Without more specifics of what you're wanting patched, and which pocket of the Ubuntu repositories that software is in for a given release, it's impossible to give you a full answer that is narrow enough.

But, I'll try and give you an overview of how to 'patch' the security issues in Ubuntu packages.


Software packages in Main, and community-contributed patches in Universe, via $RELEASE-security repositories

For security patches submitted in packages by users for Security Team consideration in Universe packages, and security patches by the Security Team itself in Ubuntu Main packages, once released they are available from the $RELEASE-security repositories (for example, xenial-security) and the $RELEASE-updates repositories. This way, you can just simply do a sudo apt-get update && sudo apt-get dist-upgrade and get all the patches.

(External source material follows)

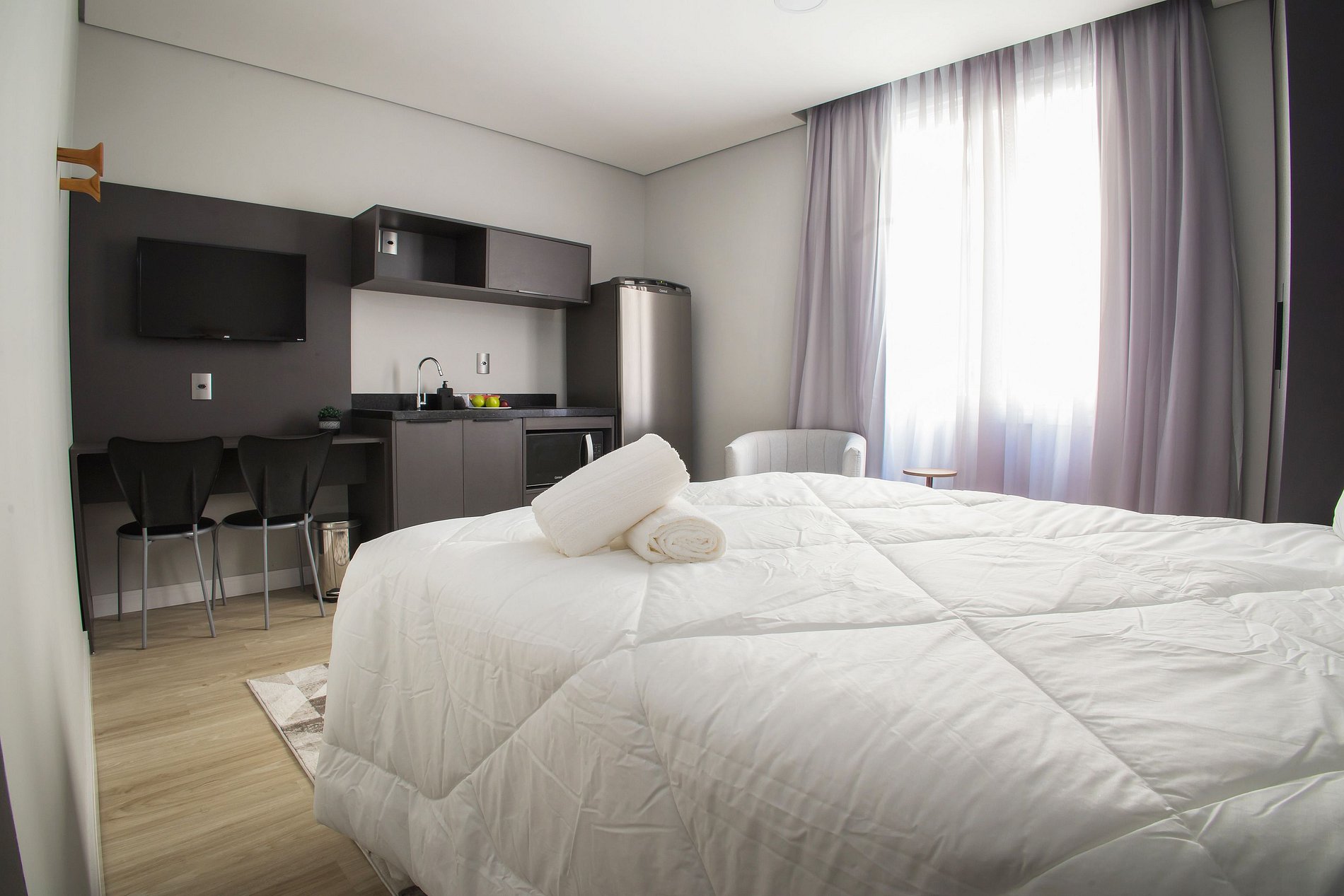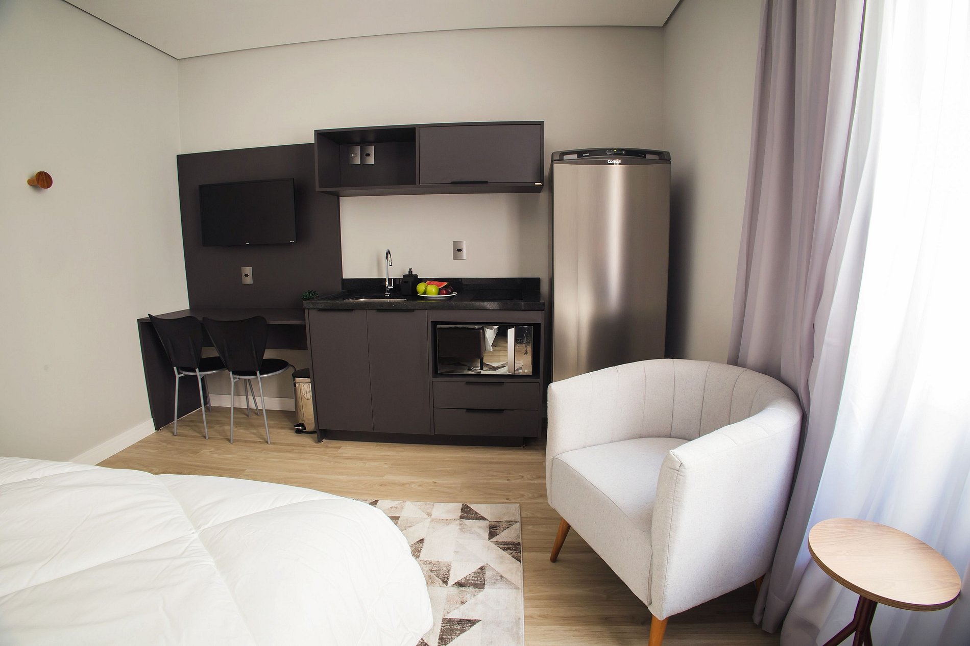 Esse apartamento está equipado com: cama de casal, cozinha com fogão cooktop, micro-ondas, geladeira, utensílios/talheres, ar condicionado split, bancada para trabalho/refeição com cadeiras, sofá/poltrona (conferir nas fotos do anúncio), Smart TV, Wi-fi, cabides, armários e enxoval completo.

Tracking the individual CVEs in the CVE Tracker will let you know whether a CVE's had a fix released in Ubuntu yet, as well as the SEcurity team's determination of the priority level of the CVE and how rapidly it needs addressed (default is "Medium" regardless of the CVE severity).

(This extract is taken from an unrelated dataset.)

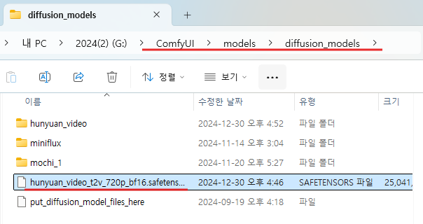 (ComfyUI 폴더) → (models 폴더) → (diffusion_models 폴더)

Packages not updated in the repositories

We have two problems here. Firstly, Universe packages only get patches when the community provides them for the Security team to look at and review. Secondly, a large number of packages as a result are not updated.

You have two solutions for these issues: either rebuild the packages yourself with the patches, or wait for an update to land in the Repositories (or for someone to submit the patches for the Security team).

For the first solution, you'll have to follow the Packaging Guide from step 1 through step 3.9, and then steps detailed in section 6 if you want to submit them for the repositories, and build the patched packages locally on your system and install them.

The actual process for this is very very complex depending on the package, so it's impossible to answer it here.


Custom compiled software

Your only hope here is to apply patches to the software yourself, and recompile and install. This is for anything where the software is not included in the repositories, or in the cases you have things installed which you had compiled in the first place. The process for that is infinitely varied, so it's impossible to answer here.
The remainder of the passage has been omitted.